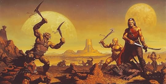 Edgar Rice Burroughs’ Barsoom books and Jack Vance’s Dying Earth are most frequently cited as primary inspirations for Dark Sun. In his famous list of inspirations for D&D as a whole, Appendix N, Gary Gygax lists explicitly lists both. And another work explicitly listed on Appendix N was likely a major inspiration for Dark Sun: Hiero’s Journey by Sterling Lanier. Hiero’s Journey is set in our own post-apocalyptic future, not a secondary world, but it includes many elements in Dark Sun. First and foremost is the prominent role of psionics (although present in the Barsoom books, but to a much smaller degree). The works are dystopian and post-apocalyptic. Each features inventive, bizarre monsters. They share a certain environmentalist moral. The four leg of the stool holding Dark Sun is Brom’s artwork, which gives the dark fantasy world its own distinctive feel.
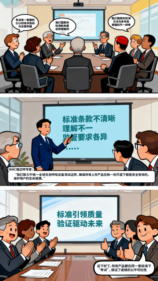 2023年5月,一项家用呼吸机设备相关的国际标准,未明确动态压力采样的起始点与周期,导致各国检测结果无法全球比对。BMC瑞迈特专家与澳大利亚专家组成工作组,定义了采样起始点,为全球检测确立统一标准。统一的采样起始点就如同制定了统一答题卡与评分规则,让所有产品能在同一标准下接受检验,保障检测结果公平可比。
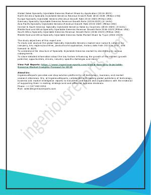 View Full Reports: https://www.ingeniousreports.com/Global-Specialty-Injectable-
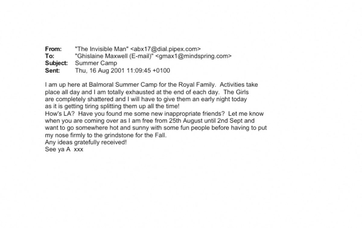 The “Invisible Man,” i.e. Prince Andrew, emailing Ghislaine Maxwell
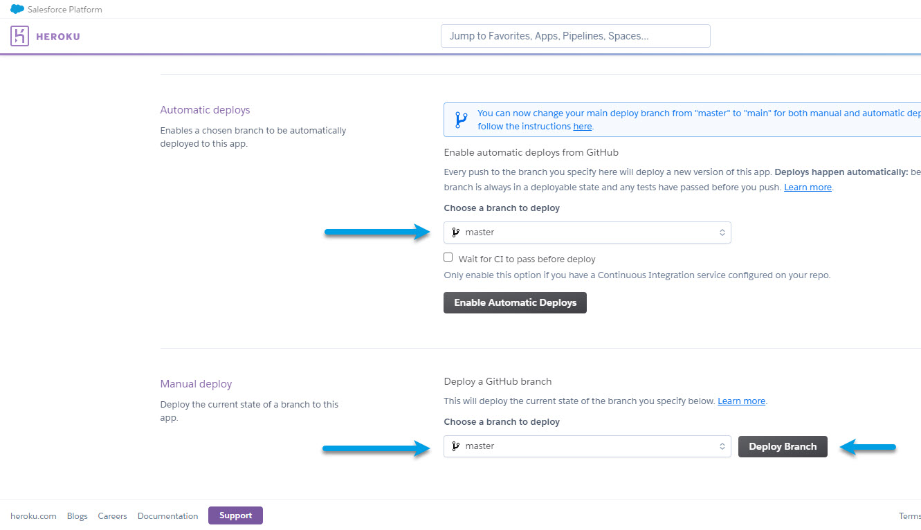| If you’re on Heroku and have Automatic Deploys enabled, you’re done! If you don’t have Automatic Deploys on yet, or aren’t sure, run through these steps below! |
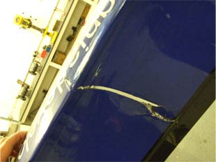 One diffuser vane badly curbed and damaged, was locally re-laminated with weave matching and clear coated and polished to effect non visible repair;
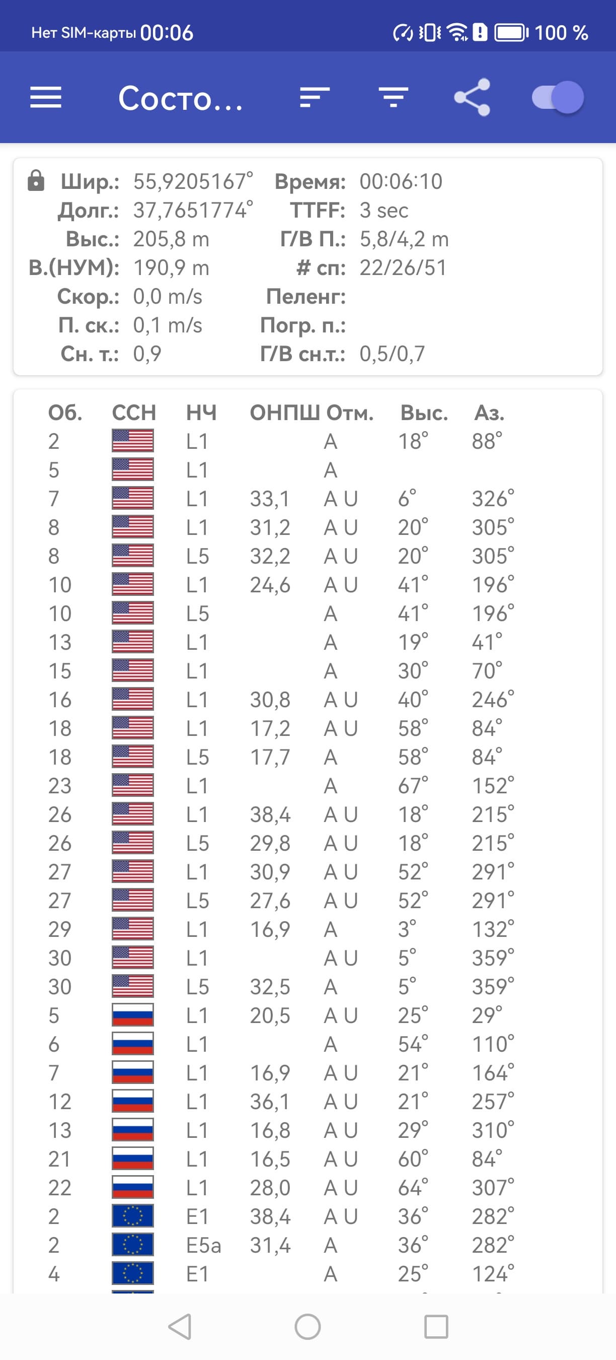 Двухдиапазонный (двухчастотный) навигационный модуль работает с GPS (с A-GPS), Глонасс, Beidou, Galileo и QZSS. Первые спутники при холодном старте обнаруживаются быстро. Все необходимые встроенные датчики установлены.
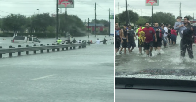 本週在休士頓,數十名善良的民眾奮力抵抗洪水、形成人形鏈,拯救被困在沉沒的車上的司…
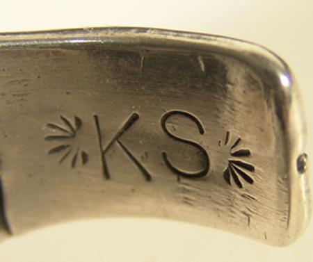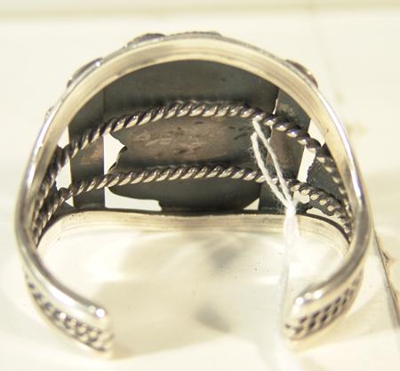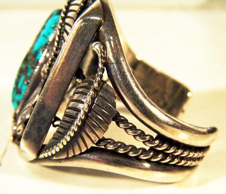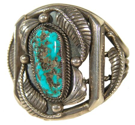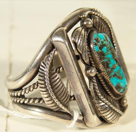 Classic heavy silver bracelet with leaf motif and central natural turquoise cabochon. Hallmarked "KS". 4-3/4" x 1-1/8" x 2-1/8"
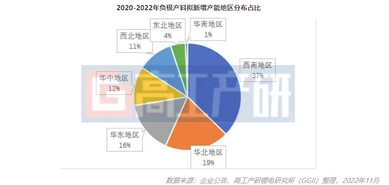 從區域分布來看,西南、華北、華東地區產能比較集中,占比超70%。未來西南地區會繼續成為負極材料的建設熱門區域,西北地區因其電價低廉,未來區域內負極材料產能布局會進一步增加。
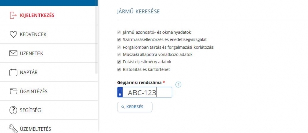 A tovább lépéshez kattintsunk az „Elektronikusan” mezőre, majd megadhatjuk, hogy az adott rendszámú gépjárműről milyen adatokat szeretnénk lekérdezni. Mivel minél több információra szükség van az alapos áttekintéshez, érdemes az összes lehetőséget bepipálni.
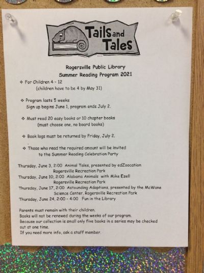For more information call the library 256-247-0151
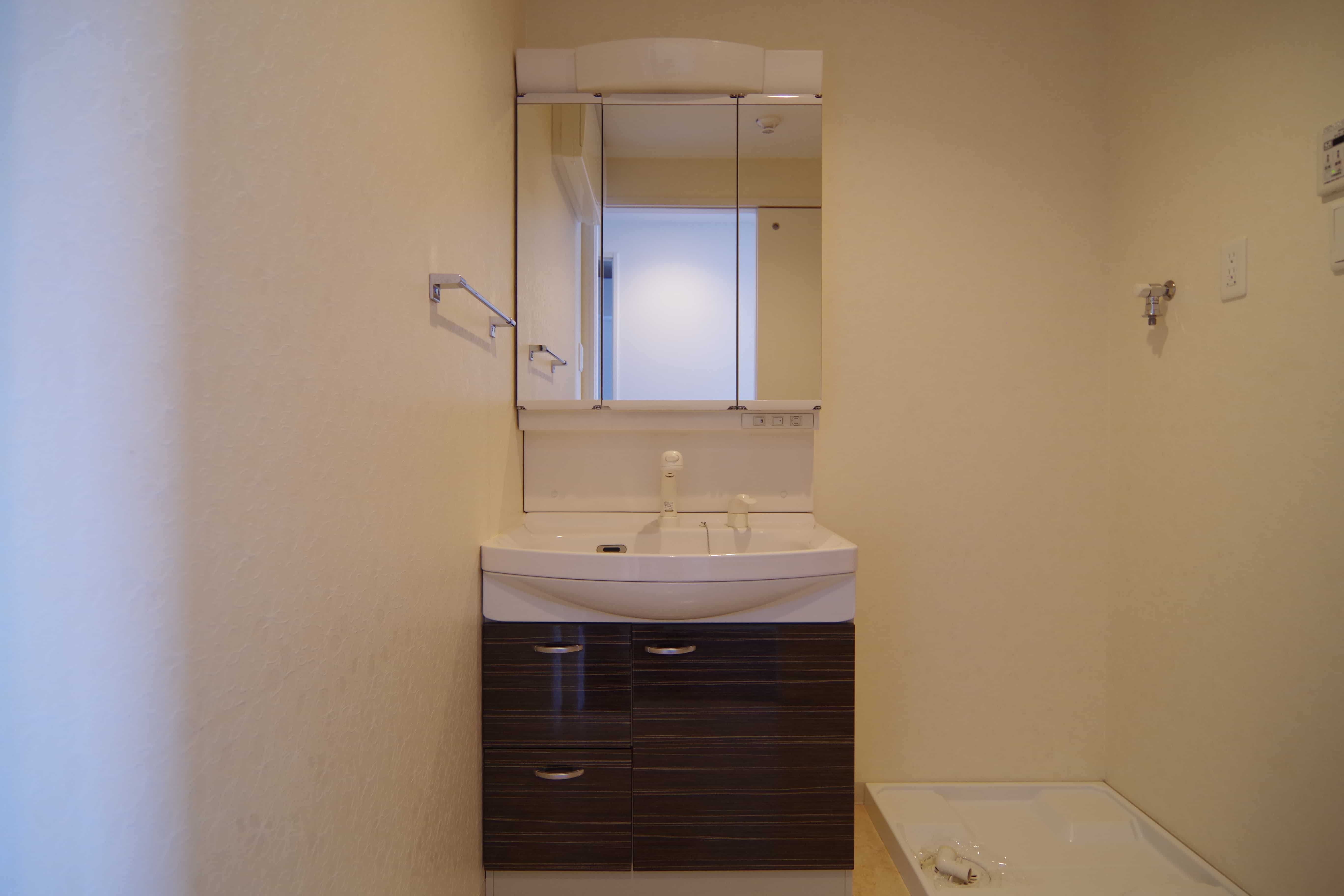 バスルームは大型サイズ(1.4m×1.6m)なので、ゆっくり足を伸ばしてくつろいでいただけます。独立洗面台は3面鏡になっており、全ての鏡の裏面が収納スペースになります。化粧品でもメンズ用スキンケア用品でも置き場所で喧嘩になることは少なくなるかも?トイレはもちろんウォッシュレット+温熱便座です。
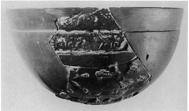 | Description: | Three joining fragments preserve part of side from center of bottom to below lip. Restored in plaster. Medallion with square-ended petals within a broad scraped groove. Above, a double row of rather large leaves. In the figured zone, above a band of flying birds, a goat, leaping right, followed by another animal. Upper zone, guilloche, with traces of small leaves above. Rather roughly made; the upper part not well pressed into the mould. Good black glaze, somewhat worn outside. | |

===============

Aim of the task → Start at the line containing "Двухдиапазонный (двухчастотный) навигационный" above and stop at the line containing "本週在休士頓,數十名善良的民". Output those lines exactly, both included, but none of the pictures.

Written answer →
 Двухдиапазонный (двухчастотный) навигационный модуль работает с GPS (с A-GPS), Глонасс, Beidou, Galileo и QZSS. Первые спутники при холодном старте обнаруживаются быстро. Все необходимые встроенные датчики установлены.
 本週在休士頓,數十名善良的民眾奮力抵抗洪水、形成人形鏈,拯救被困在沉沒的車上的司…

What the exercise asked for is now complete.